And what you'll see is -- going to click through this quickly, is actually the ability to configure these guardrails against many of the different types of risks we are talking about. So here I can look at harmful content coming in at the input, I can look for different types of jailbreak and prompt injection attacks that are coming in, I can configure my system to also address different types of places where the system has made a mistake on the output. So for example, it might also make a mistake here and produce harmful content; or it might produce protected materials, potentially copyright text or code.
And this is the groundedness one I just showed you. So I can turn this on and have it choose to annotate my outputs to actually address any of these groundedness risks that we're seeing in practice. And the nice thing about this is you can go and configure this for your application, because each application is different, and so the risks that you see emerging as well as the settings that are going to be appropriate for your context are going to vary.
But we want to make it easy for you to use this. So we've actually already built it directly in. So if I go to the "playground" here, I can show you this working in action.
And I probably should have cleared this chat history. You can see it works, it's great. But I'm just going to do this again.

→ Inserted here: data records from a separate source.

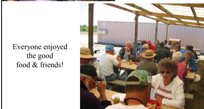
Everyone enjoyed the good food & friends!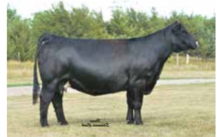
WAGR LULLABY 703T Paternal Granddam of Lot 33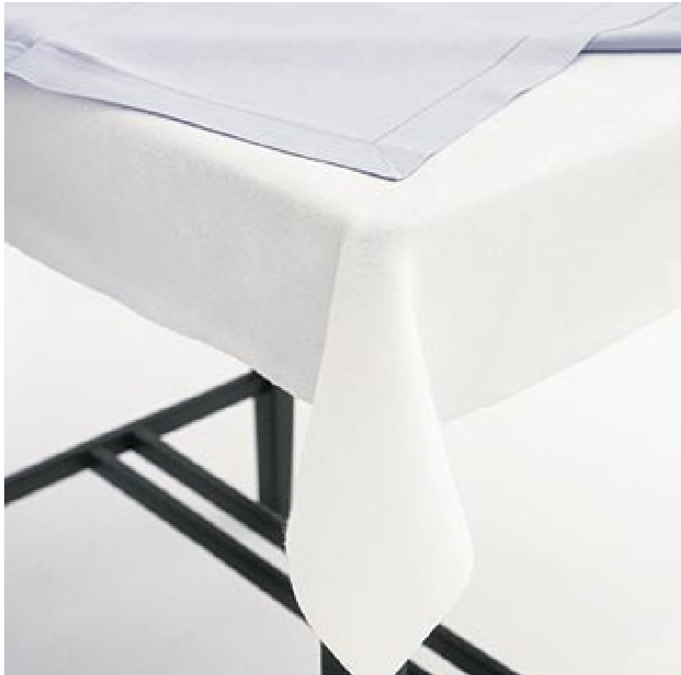
Felt Table Liner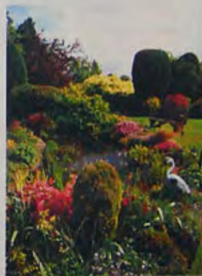
❁ 1500 ▶ 16215 4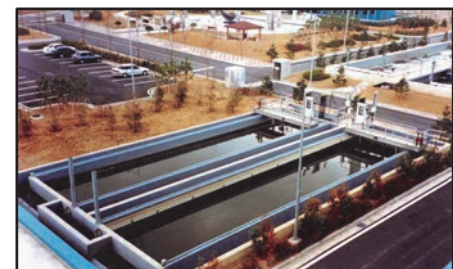
After: Upgraded to Peak Efficiency

When Aqua-Aerobic performs a mechanical assessment, it is followed by a detailed Mechanical Assessment Report defining potential issues effecting filter operational efficiency, capacity, or life expectancy. Many installations are utilizing the Mechanical Assessment Reports as tools to secure funding to perform the needed repairs. An example of an assessment report is available upon request.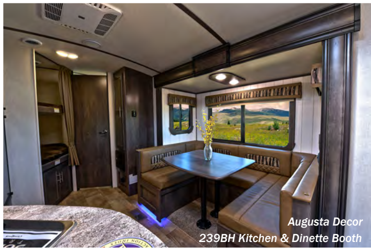
Augusta Decor 239BH Kitchen & Dinette Booth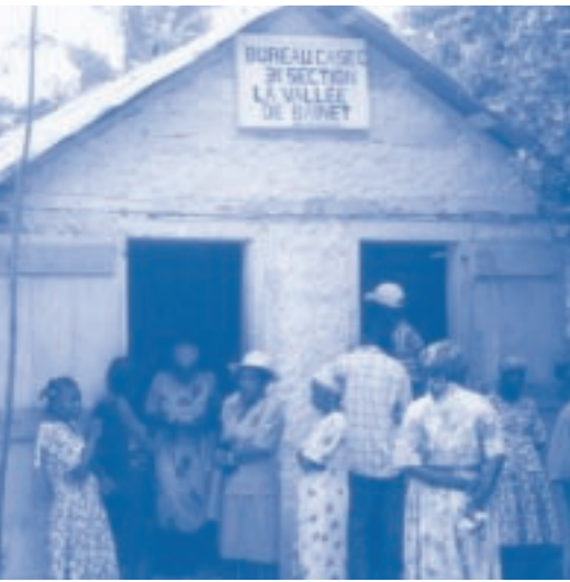
Building used by the mobile medical team during a visit in the Jacmel region. Community support is evident through their provision of premises for mobile team visits.

The Ministry of Health does not have the resources to provide even the most basic services to the majority of the Haitian population. PROFAMIL therefore fills a critical niche, and is responding to the needs of the most marginalised Haitians by providing services to the critically poor in Haitian urban centres and serving people in hard-to-reach rural areas who do not have access to any kind of health services.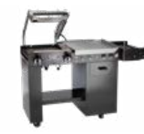
L-SEALER Professional Series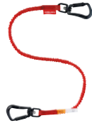
Tool Tether (15 lbs)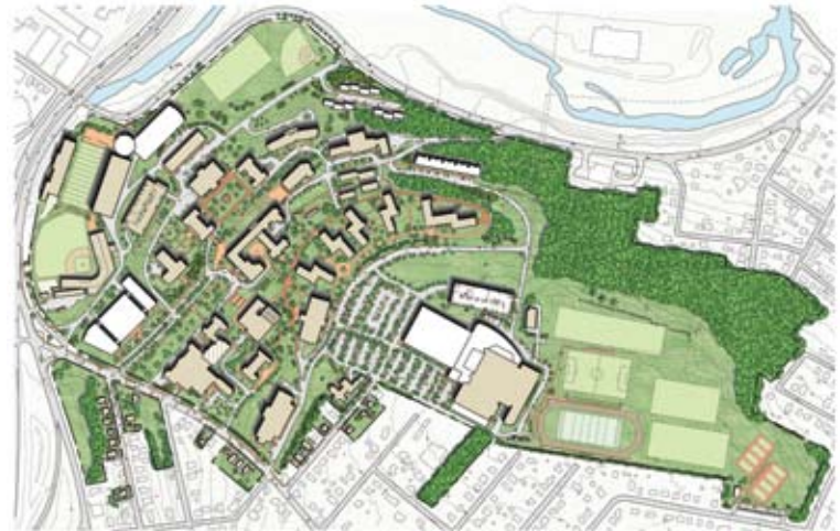
ILLUSTRATIVE PLAN 2007

Housing for up to 300 students will be built in both residence hall and apartment formats. The existing athletics complex will be expanded and renovated, and a football practice facility will be built near the existing stadium. The existing field house will be renovated for recreational activities. The Campus Plan reserves a site at the formal entrance to campus for a Performing and Fine Arts Center. With these improvements space can be reassigned to meet other academic and administrative facility needs.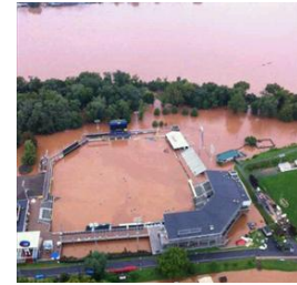
Metro Bank Park where the Harrisburg Senators play ball was under water

Go out every day and dedicate your actions to others.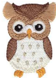
CM222_48 Owl 1.69 X 2.40 in. 42.93 X 60.96 mm 6,207 St.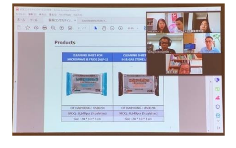
Hanoi Matching Permanent Exhibition (August-October 2020)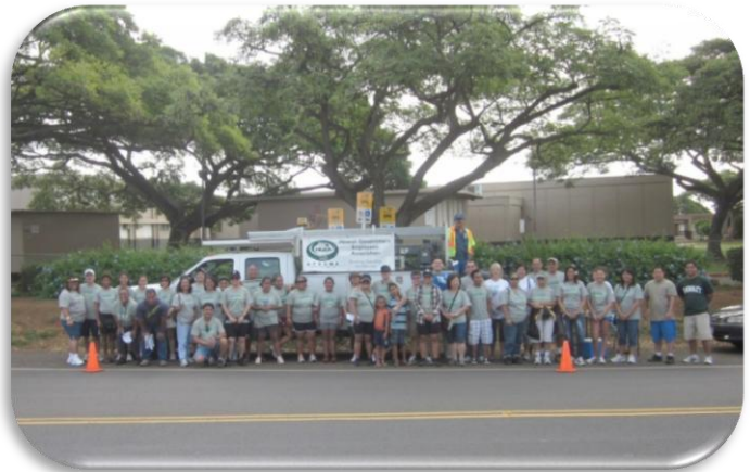
HGEA Graffiti Clean-Up Crew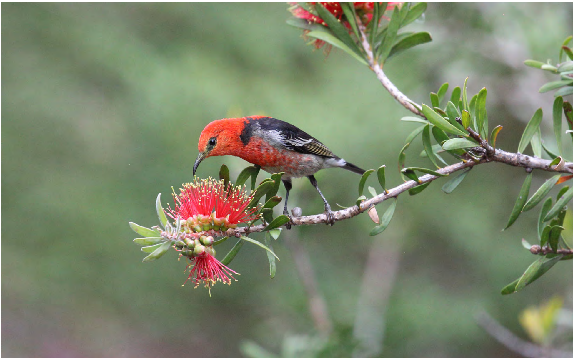
Scarlet Honeyeater, Australian National Botanic Gardens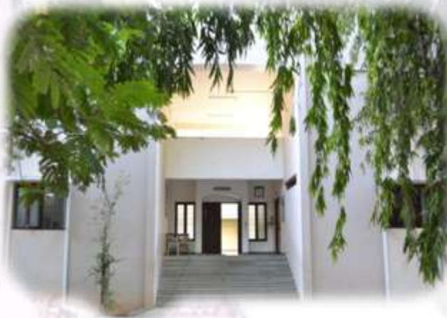
Hostel for Women – Manimegalai Illam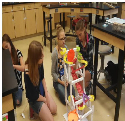
Building a roller coaster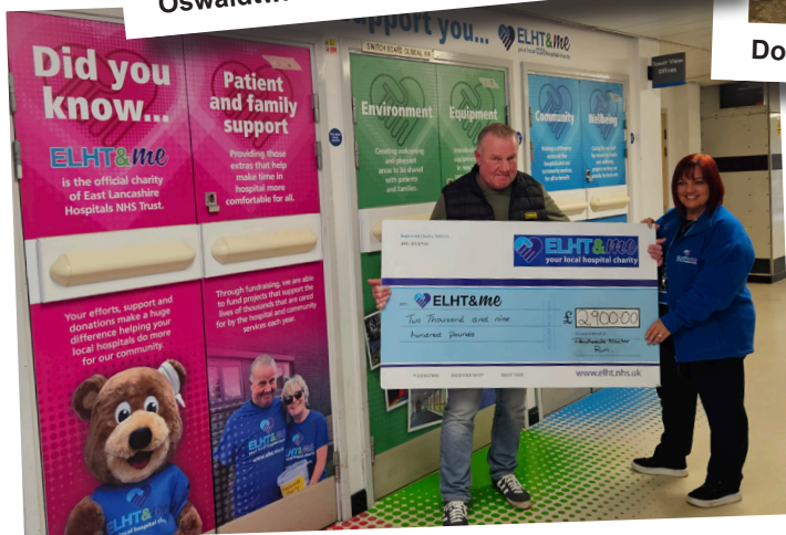
Pendleside Tractor Run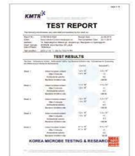
Test Report of Sterilization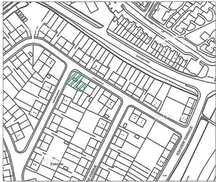
Location Plan Scale 1:2500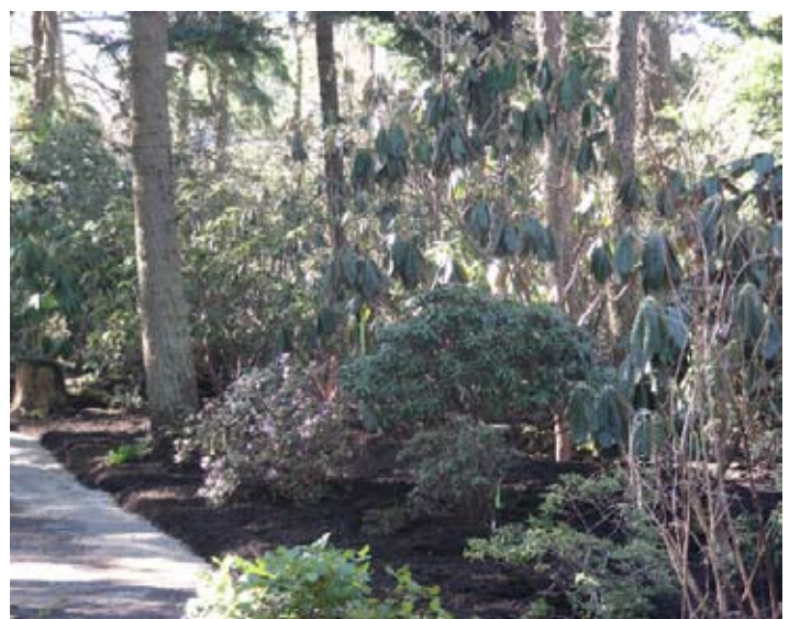
Transplanted rhodos in their new home at Finnerty Gardens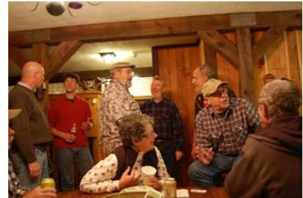
The first-ever Forest Fest Indoor Potluck Picnic held Nov. 8, 2014 at Woodland Lodge was a rousing success bringing together dozens of forest lovers to share good food, good music and a commitment to sustainable forestry and protection of forested land.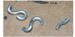
Partial segments, cut from chain end.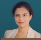
Dakshina Chandra Research Fellow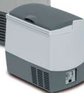
CF18 .7 cu. ft.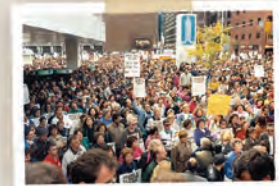
1991 National General Strike support demo Ottawa

PSAC members hold the largest national strike by a single union in Canada, gaining major improvements in job security.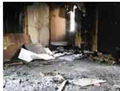
A file photo of an attack on a mosque in the Netherlands.

Orhun recommended that Islam should not be politicized by countries that are home to Muslim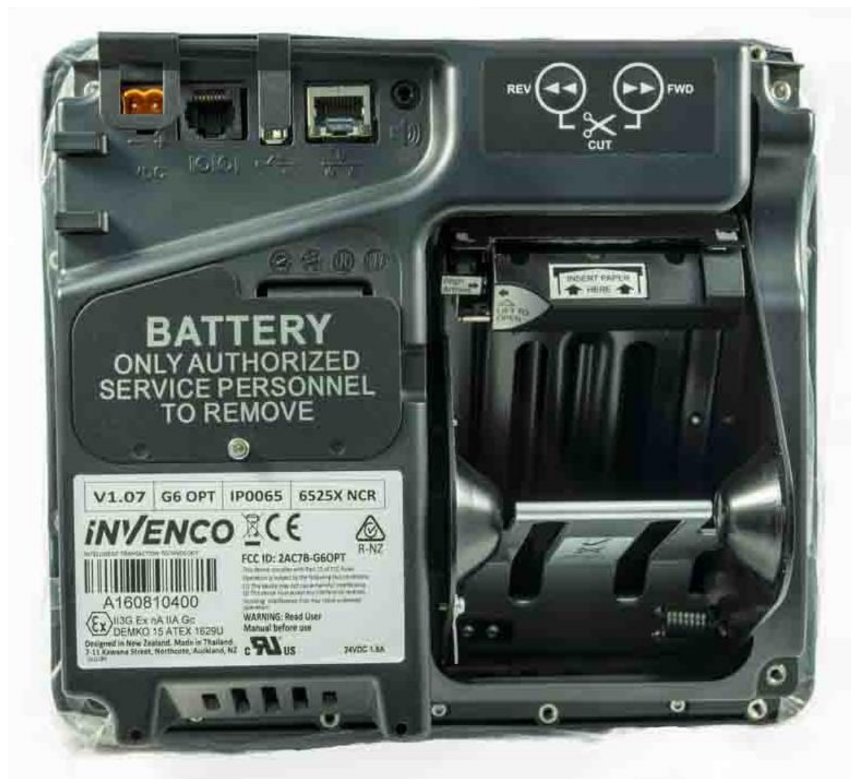
Figure 2 Assembled unit viewed from the back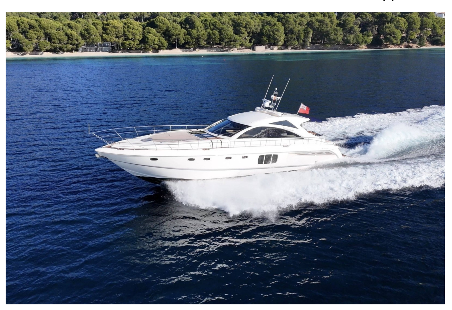
FAIRLINE TARGA 64 GT

I don't have all of these jailbreaks memorized. But if I paste this here, you'll see that the system immediately flags this as a jailbreak-type attack, and blocks it before it even gets to the model. So you have this defense in depth happening.
So you don't have to worry about the model getting confused and making a mistake. So that is our quick demo. Given the time, I'm going to switch back here and talk about a couple more things that I think are really important.
So as I mentioned, you don't want to just have guardrails, you want to know that they're working, and so it's really important that you evaluate your system. And I'm excited to say that, coming soon, we're going to have new risk and safety evaluations specifically for images. We released text before; I hope you're all using it.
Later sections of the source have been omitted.